1 birds eye or Thai chili, deseeded and finely chopped (Note 1)
1lb / 500g ground pork (mince) (or chicken or turkey)
5 tbsp brown sugar
2 tbsp fish sauce
1 scallion stem, finely sliced (Note 2)
Preparation:
Heat the oil in a large skillet over high heat.
Add the onion, ginger, garlic and chili and cook for 2 minutes.
Add the pork mince and cook for 3 minutes or so until white all over, breaking up the meat with a wooden spoon (Note 3).
Add the sugar and fish sauce.
Stir, then leave it to cook without touching until all the juices cook out and the pork starts caramelised - about 2 minutes.
Then stir it and leave it again, without stirring, for around 30 seconds to get more caramelisation.
Repeat twice more until caramelised to your taste.

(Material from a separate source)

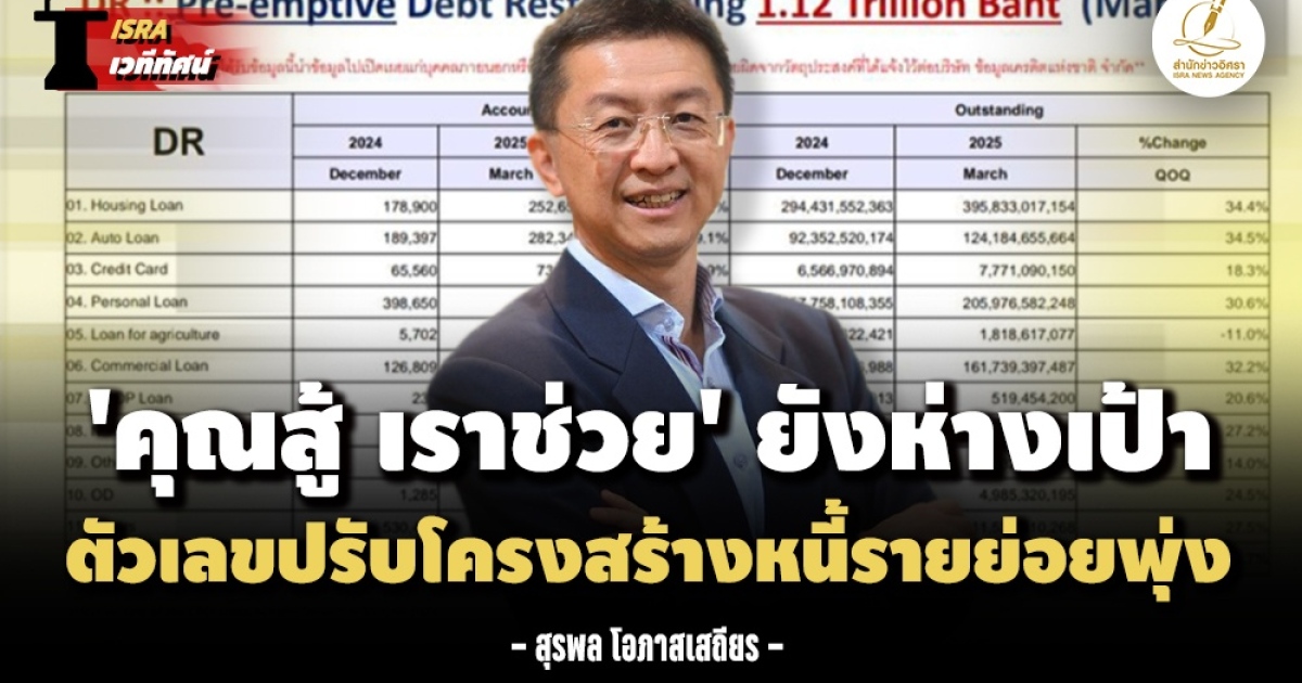 "...สิ่งนี้มันสะท้อนได้บ้างว่า คนเป็นหนี้, ไปไม่ไหว, ผ่อนติดขัด เจ้าหนี้ถูกกติกาบังคับให้ต้องยื่นข้อเสนอให้ลูกหนี้ทำ DR.ตัวเลขมันขึ้นเร็วมากจากการรายงานครั้งแรกเมื่อเมษายน 2567 เขื่อนยักษ์ DR.มันจึงยกสูงกั้นการไหลมาเป็น NPLs.อย่างที่เห็นกัน..."

Serve over rice or vermicelli noodles, garnished with sliced scallions.
I like to have shredded iceberg lettuce, cucumber and carrots on the side which is a classic way of making Vietnamese bowls.
Notes:
Birds eye chilis are small red chilis that are usually around 3 to 4cm (1.5 - 2") long. They are very spicy! You can substitute with any chili you want, or even exclude it if you are making this for kids. Just adjust to your taste.
To make the shallots/scallions curl like you see in the photos, slice the green part very finely on the diagonal then place in a bowl of cold water in the fridge. Leave for 20 minutes or so, then they will curl. This is optional - you could just slice them!
I don't break up the meat too finely like I do when making bolognaise or similar. That's just a personal preference for this particular dish because I like having larger chunks of meat.
Lemongrass is a lovely and very traditional Vietnamese herb used in dishes like this. 1 stalk, white part only, very VERY finely chopped. Add it into the skillet with the garlicH
This dish is great to serve with sriracha on the side so people can add the amount of heat they want.